== Segment start ==
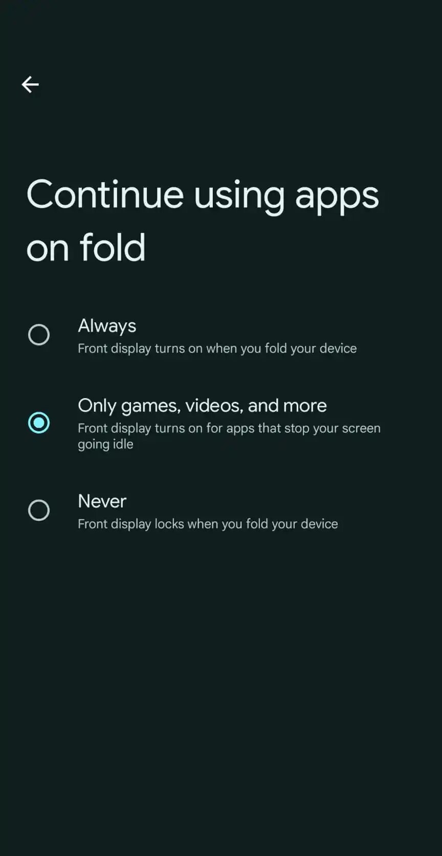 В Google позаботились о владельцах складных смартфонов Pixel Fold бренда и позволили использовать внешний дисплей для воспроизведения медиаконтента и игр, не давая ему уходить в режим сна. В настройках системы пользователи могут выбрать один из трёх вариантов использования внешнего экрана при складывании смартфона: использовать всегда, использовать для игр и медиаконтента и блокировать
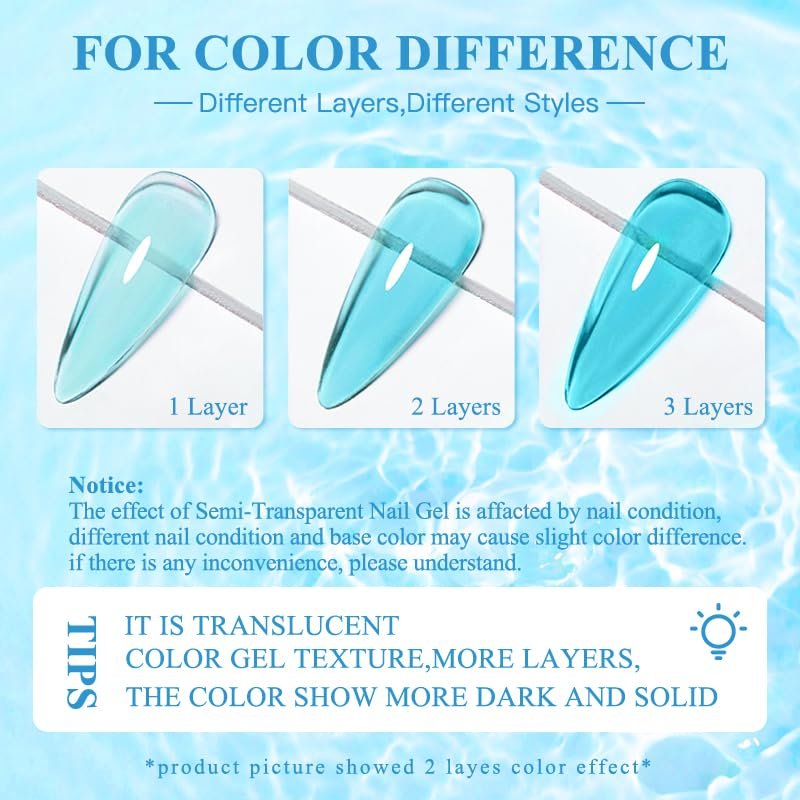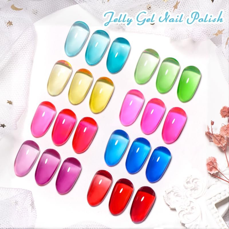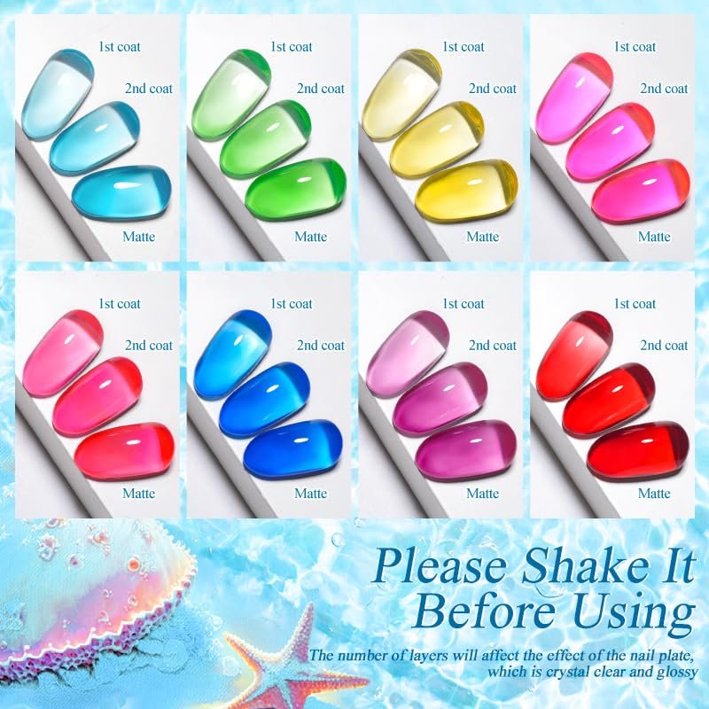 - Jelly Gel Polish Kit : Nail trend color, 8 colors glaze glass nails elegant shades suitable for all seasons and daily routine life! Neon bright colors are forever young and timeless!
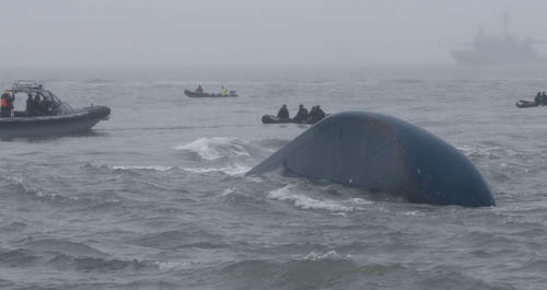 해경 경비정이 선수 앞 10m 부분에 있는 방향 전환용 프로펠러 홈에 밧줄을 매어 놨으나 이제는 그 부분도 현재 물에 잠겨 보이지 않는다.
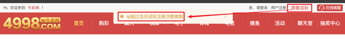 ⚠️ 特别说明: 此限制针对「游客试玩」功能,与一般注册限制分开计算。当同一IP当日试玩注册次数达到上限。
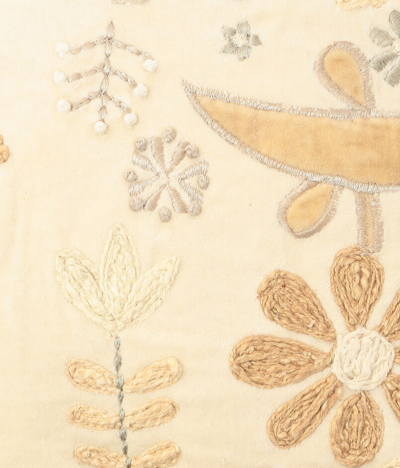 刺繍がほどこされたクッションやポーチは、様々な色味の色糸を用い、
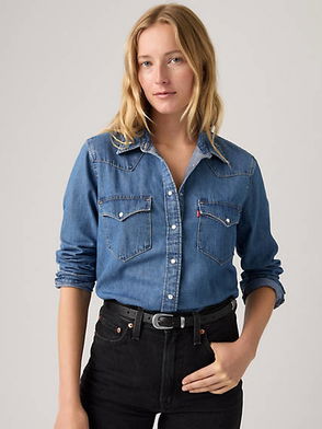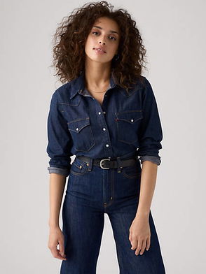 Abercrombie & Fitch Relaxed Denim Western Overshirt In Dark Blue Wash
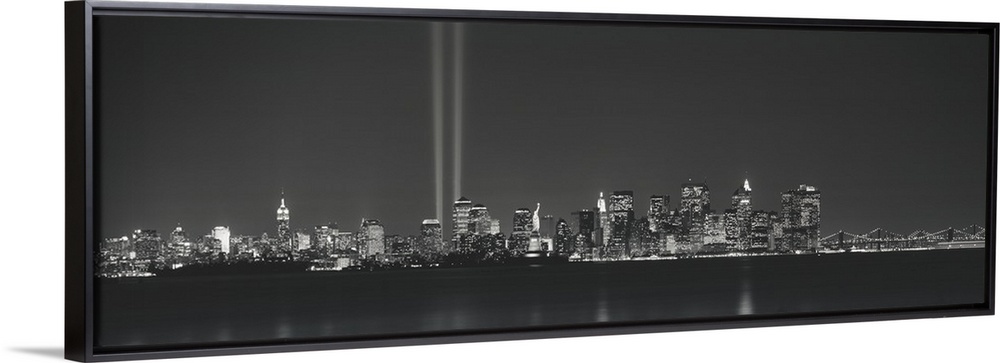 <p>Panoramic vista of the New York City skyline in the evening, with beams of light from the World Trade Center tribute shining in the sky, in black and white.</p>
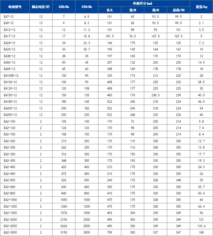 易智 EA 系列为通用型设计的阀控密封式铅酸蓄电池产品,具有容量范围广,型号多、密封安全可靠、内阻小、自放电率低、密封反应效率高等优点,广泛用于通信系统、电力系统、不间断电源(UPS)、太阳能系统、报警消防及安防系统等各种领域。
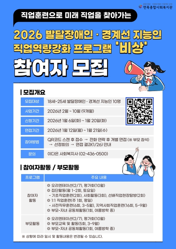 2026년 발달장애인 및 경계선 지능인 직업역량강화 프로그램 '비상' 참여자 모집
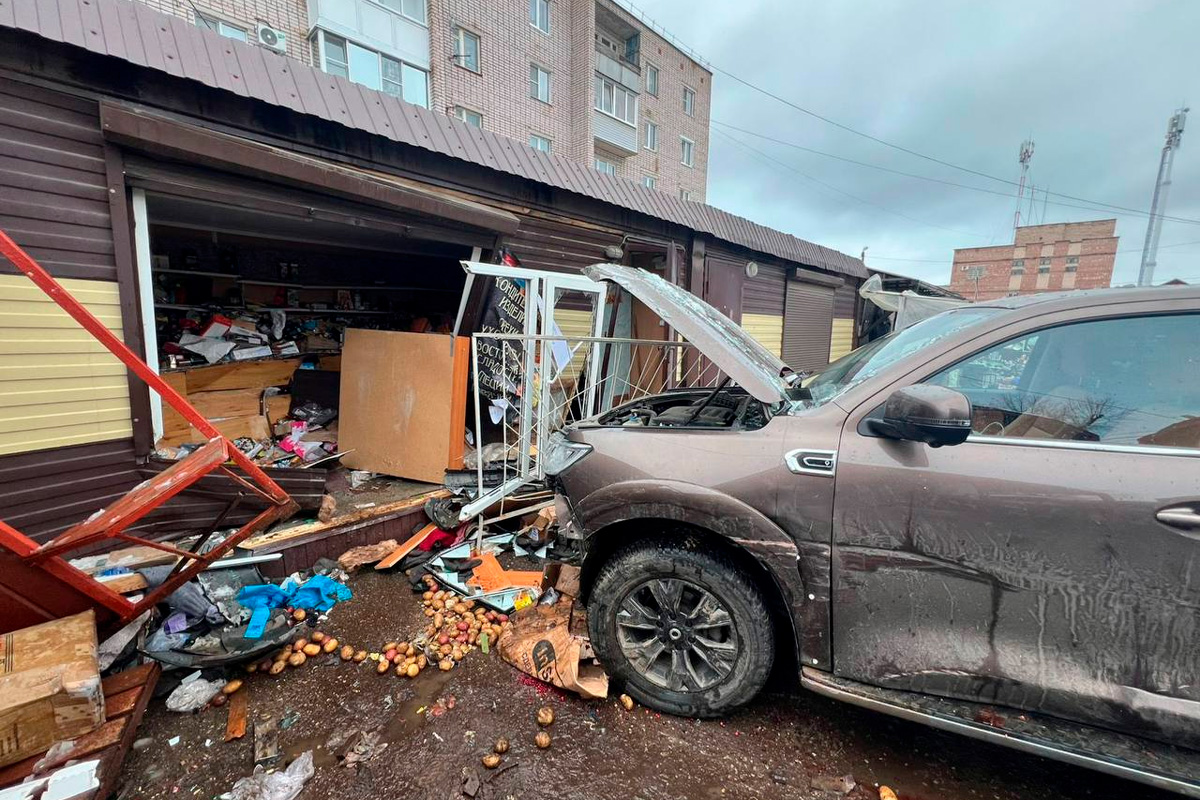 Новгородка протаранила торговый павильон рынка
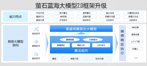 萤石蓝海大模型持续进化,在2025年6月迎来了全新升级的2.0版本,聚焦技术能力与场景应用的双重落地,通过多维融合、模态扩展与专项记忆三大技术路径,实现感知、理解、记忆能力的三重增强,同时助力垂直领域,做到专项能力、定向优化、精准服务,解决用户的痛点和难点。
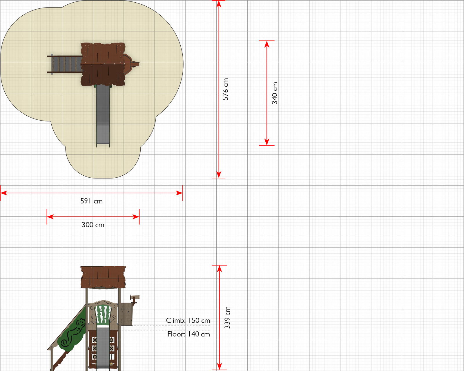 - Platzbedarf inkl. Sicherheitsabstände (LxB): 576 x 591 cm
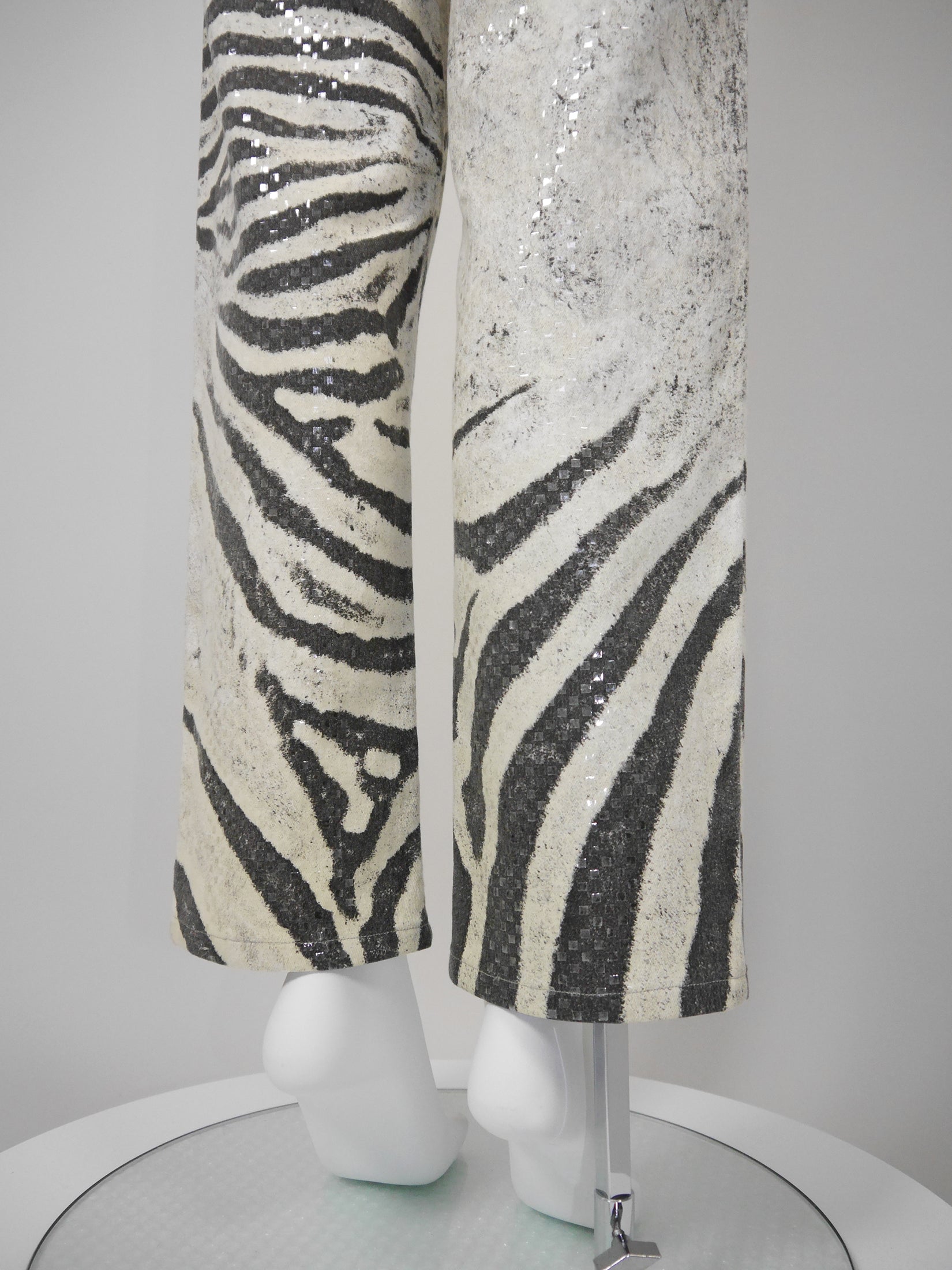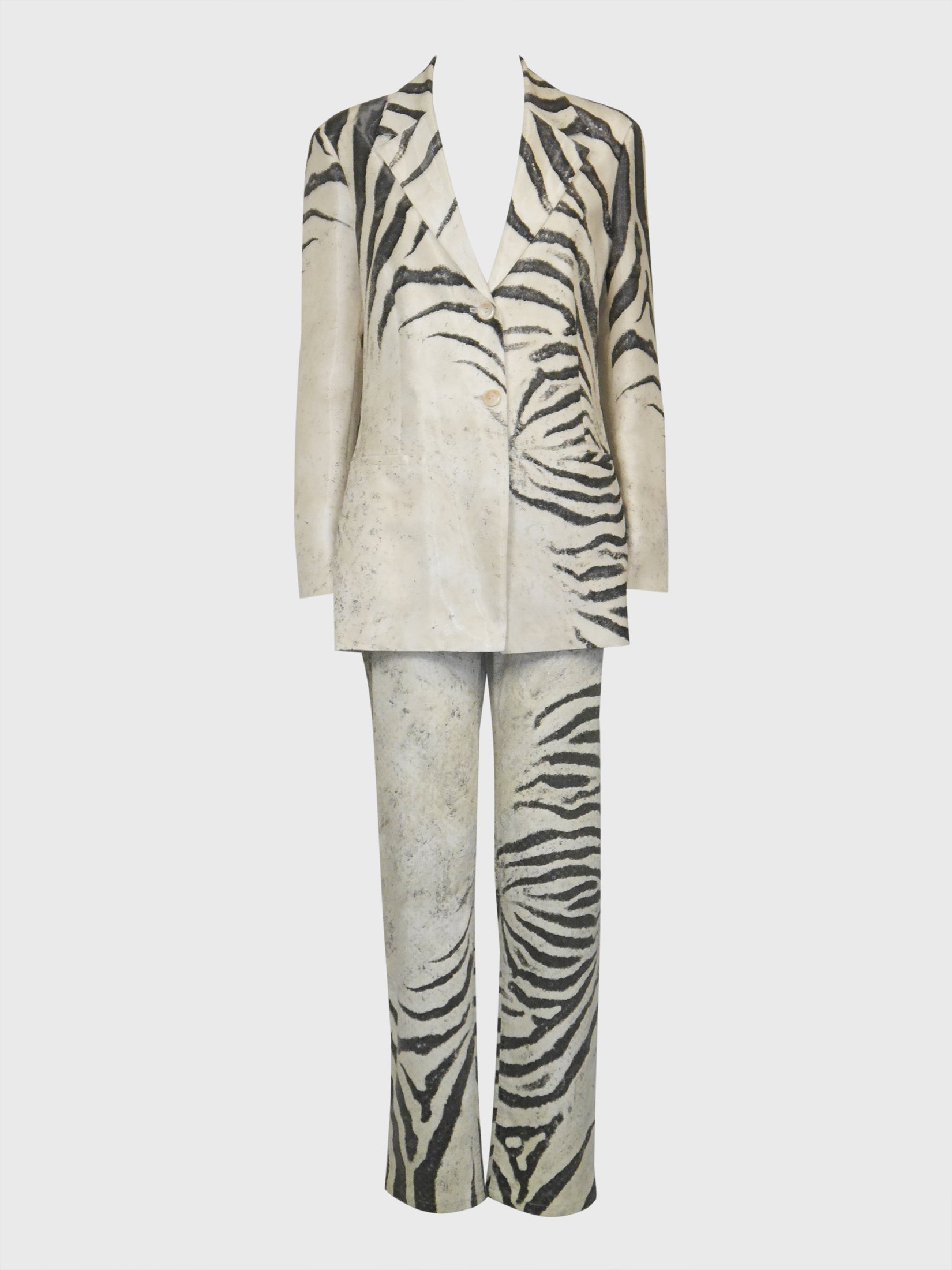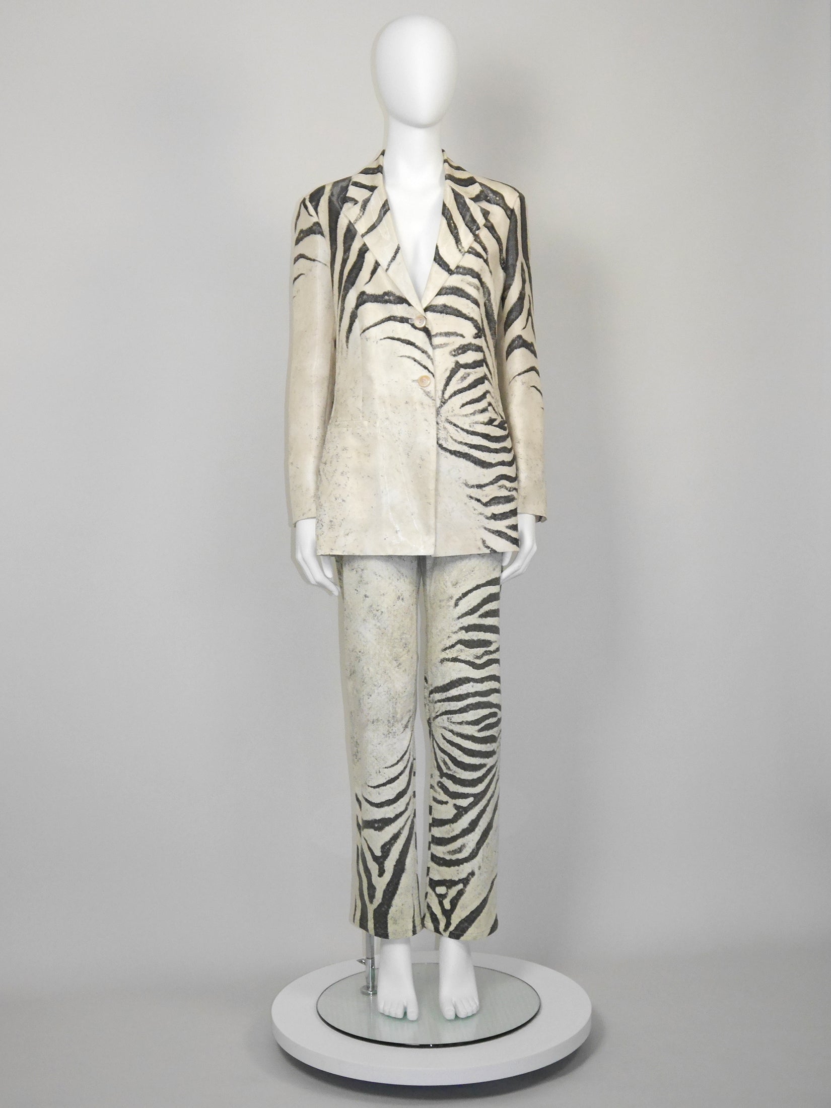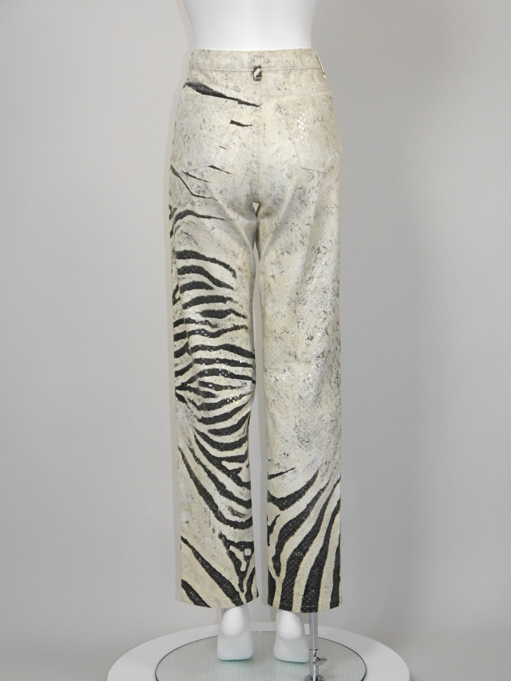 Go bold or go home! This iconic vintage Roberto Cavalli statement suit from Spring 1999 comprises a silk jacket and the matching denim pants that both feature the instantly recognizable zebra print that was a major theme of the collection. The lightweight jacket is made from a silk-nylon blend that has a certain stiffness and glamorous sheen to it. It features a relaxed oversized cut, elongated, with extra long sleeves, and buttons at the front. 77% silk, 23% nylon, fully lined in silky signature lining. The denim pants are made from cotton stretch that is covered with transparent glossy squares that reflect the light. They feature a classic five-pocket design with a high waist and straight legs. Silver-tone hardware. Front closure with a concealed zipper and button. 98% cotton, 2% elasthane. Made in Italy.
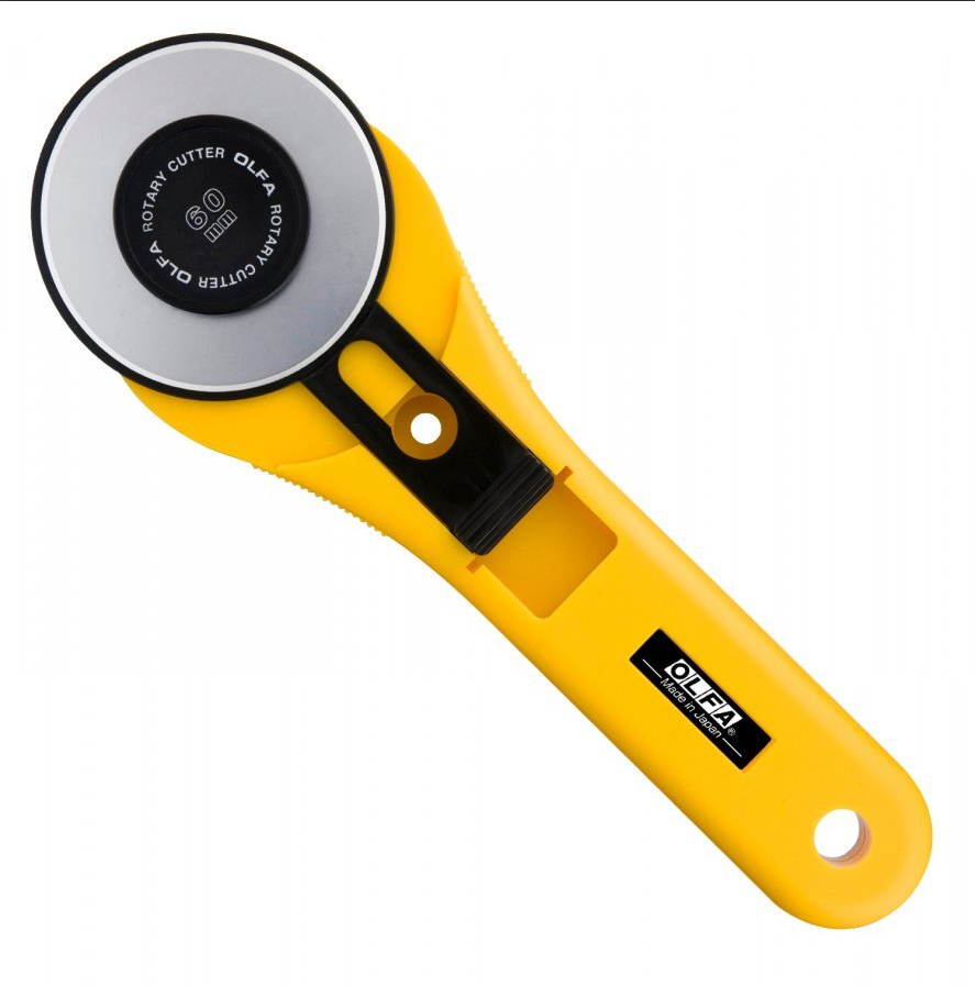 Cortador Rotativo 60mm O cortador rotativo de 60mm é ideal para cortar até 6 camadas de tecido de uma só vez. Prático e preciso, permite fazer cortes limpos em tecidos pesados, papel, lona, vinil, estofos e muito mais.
== Segment end ==
PROBLEM TO WORK ON => Nothing but an exact copy is asked for: the lines from the start of the records through the line with "해경 경비정이 선수 앞", both ends included, minus any pictures.

ANSWER SECTION =>
 В Google позаботились о владельцах складных смартфонов Pixel Fold бренда и позволили использовать внешний дисплей для воспроизведения медиаконтента и игр, не давая ему уходить в режим сна. В настройках системы пользователи могут выбрать один из трёх вариантов использования внешнего экрана при складывании смартфона: использовать всегда, использовать для игр и медиаконтента и блокировать
 - Jelly Gel Polish Kit : Nail trend color, 8 colors glaze glass nails elegant shades suitable for all seasons and daily routine life! Neon bright colors are forever young and timeless!
 해경 경비정이 선수 앞 10m 부분에 있는 방향 전환용 프로펠러 홈에 밧줄을 매어 놨으나 이제는 그 부분도 현재 물에 잠겨 보이지 않는다.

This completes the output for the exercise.